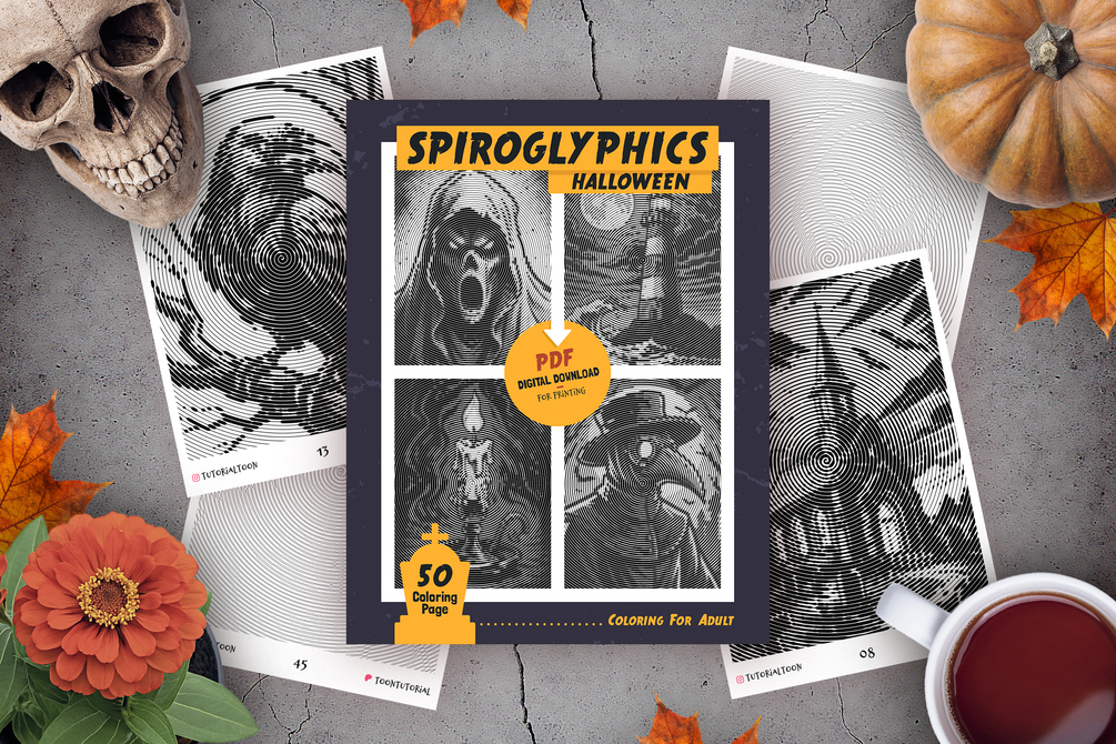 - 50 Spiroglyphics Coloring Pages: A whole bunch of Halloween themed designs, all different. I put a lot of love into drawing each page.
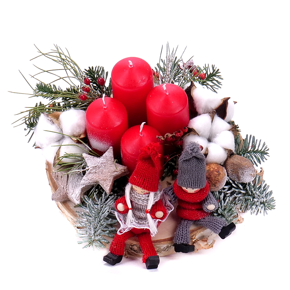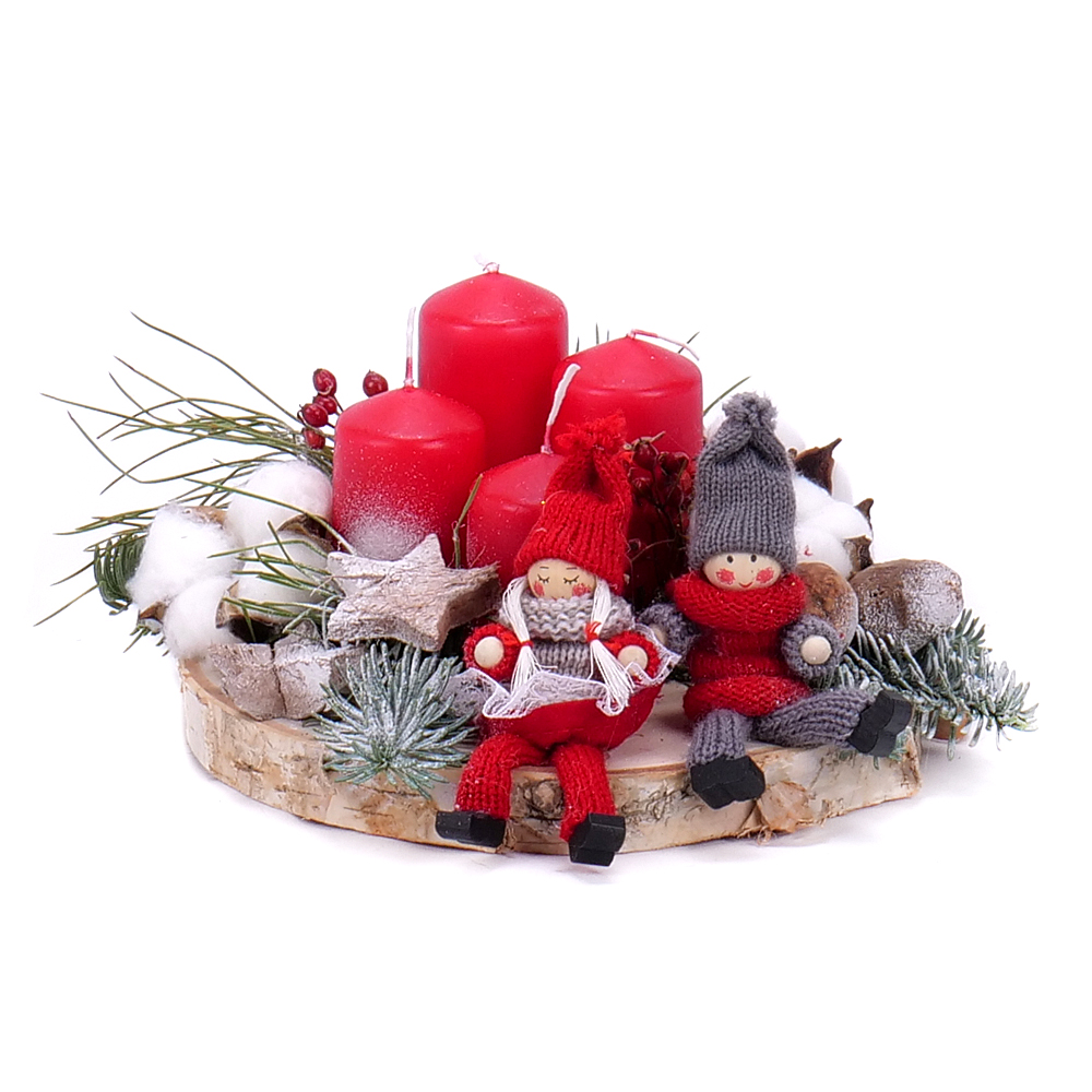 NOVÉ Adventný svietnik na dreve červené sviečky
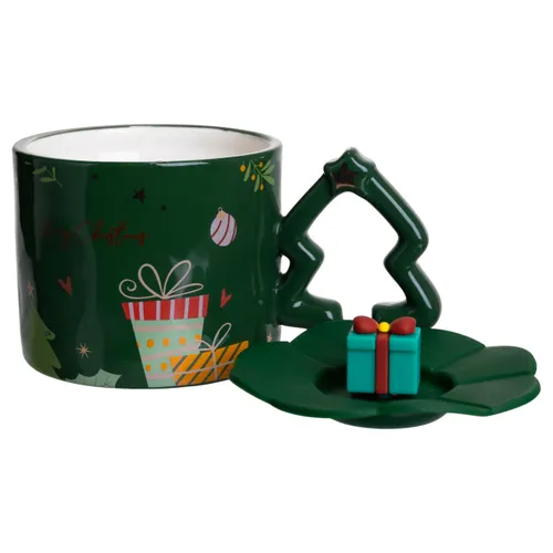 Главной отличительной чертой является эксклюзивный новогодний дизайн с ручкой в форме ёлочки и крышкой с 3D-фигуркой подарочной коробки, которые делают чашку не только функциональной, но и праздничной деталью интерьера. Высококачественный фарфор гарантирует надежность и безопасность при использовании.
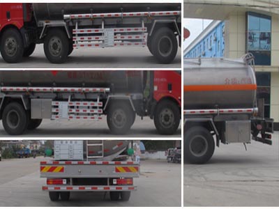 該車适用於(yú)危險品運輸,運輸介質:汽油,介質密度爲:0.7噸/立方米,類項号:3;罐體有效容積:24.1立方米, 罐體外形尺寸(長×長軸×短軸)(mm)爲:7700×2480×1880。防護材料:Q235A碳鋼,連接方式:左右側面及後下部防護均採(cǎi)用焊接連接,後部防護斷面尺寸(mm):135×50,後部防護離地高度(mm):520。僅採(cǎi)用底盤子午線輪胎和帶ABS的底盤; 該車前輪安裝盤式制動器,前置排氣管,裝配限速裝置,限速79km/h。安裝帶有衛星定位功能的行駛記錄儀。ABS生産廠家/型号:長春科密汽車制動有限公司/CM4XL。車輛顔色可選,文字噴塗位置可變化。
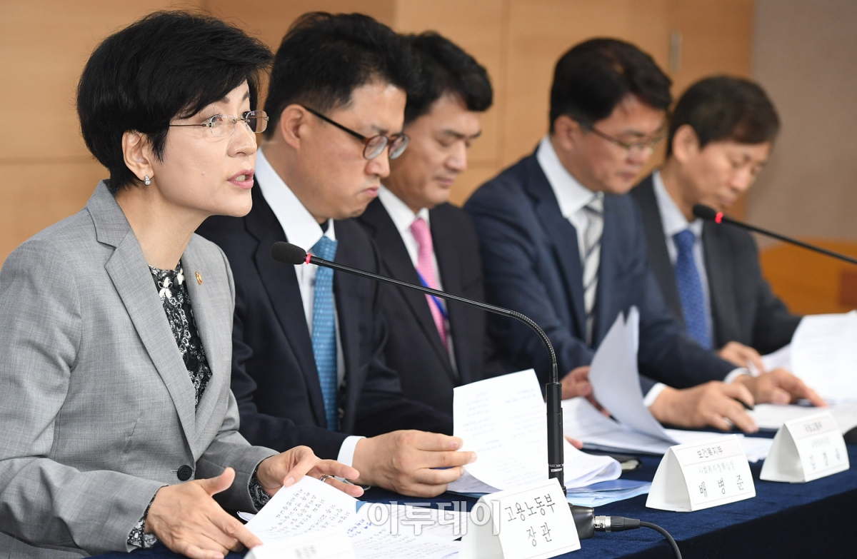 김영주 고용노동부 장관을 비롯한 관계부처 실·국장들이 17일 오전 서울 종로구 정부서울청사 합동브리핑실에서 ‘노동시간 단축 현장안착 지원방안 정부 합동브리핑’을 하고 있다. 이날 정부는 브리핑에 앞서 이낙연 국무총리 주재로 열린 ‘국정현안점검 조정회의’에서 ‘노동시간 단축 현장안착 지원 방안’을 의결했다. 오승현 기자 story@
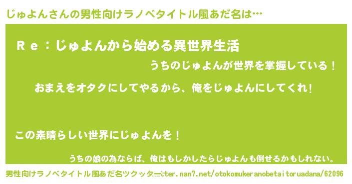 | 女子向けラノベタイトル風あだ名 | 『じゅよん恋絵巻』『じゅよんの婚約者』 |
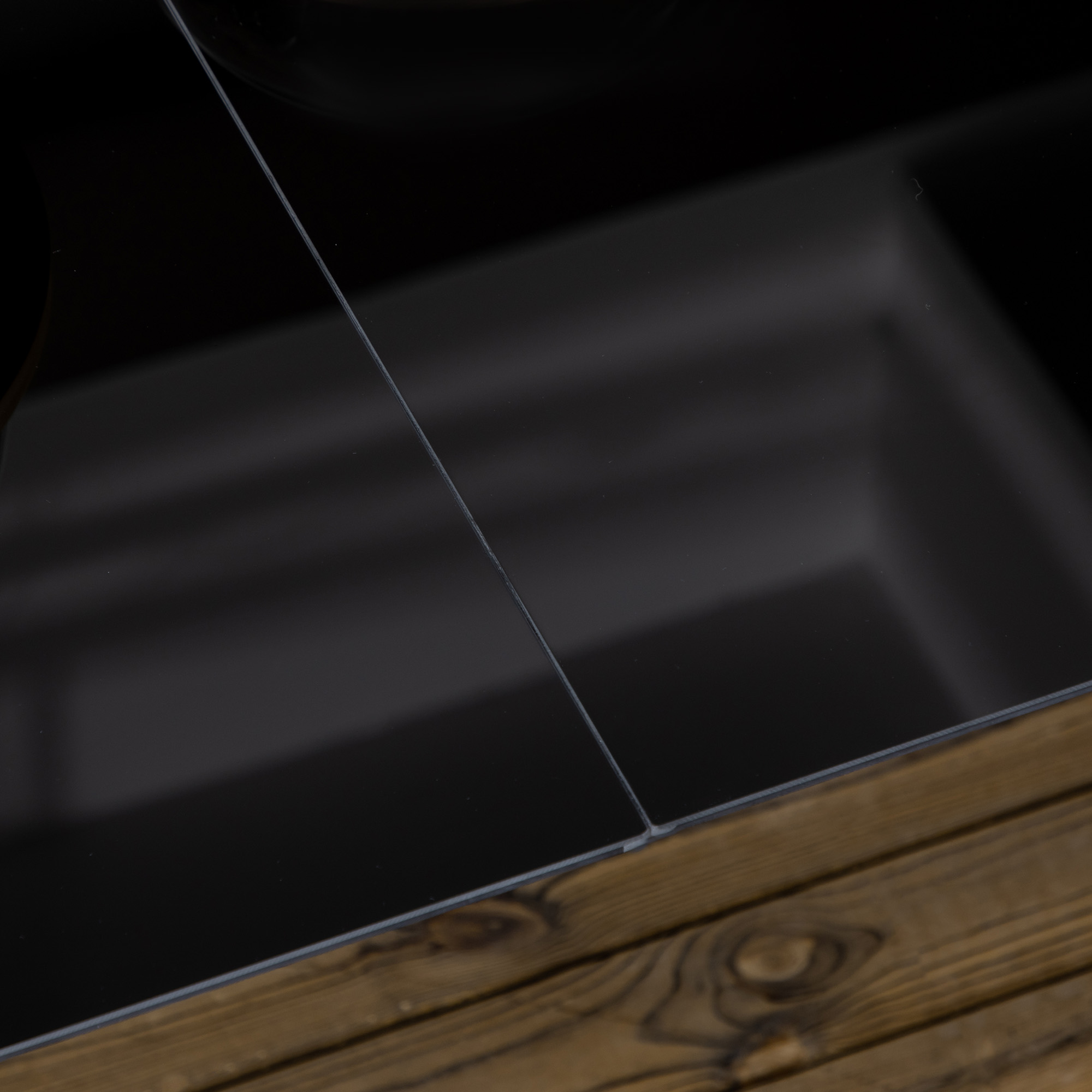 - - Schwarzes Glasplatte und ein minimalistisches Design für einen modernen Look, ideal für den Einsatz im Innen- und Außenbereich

**TASK INSTRUCTIONS:** Every line from the one with "김영주 고용노동부 장관을" through the end of the material above should be restated word for word, with the pictures left out.

**RESULT BELOW:**
 김영주 고용노동부 장관을 비롯한 관계부처 실·국장들이 17일 오전 서울 종로구 정부서울청사 합동브리핑실에서 ‘노동시간 단축 현장안착 지원방안 정부 합동브리핑’을 하고 있다. 이날 정부는 브리핑에 앞서 이낙연 국무총리 주재로 열린 ‘국정현안점검 조정회의’에서 ‘노동시간 단축 현장안착 지원 방안’을 의결했다. 오승현 기자 story@
 | 女子向けラノベタイトル風あだ名 | 『じゅよん恋絵巻』『じゅよんの婚約者』 |
 - - Schwarzes Glasplatte und ein minimalistisches Design für einen modernen Look, ideal für den Einsatz im Innen- und Außenbereich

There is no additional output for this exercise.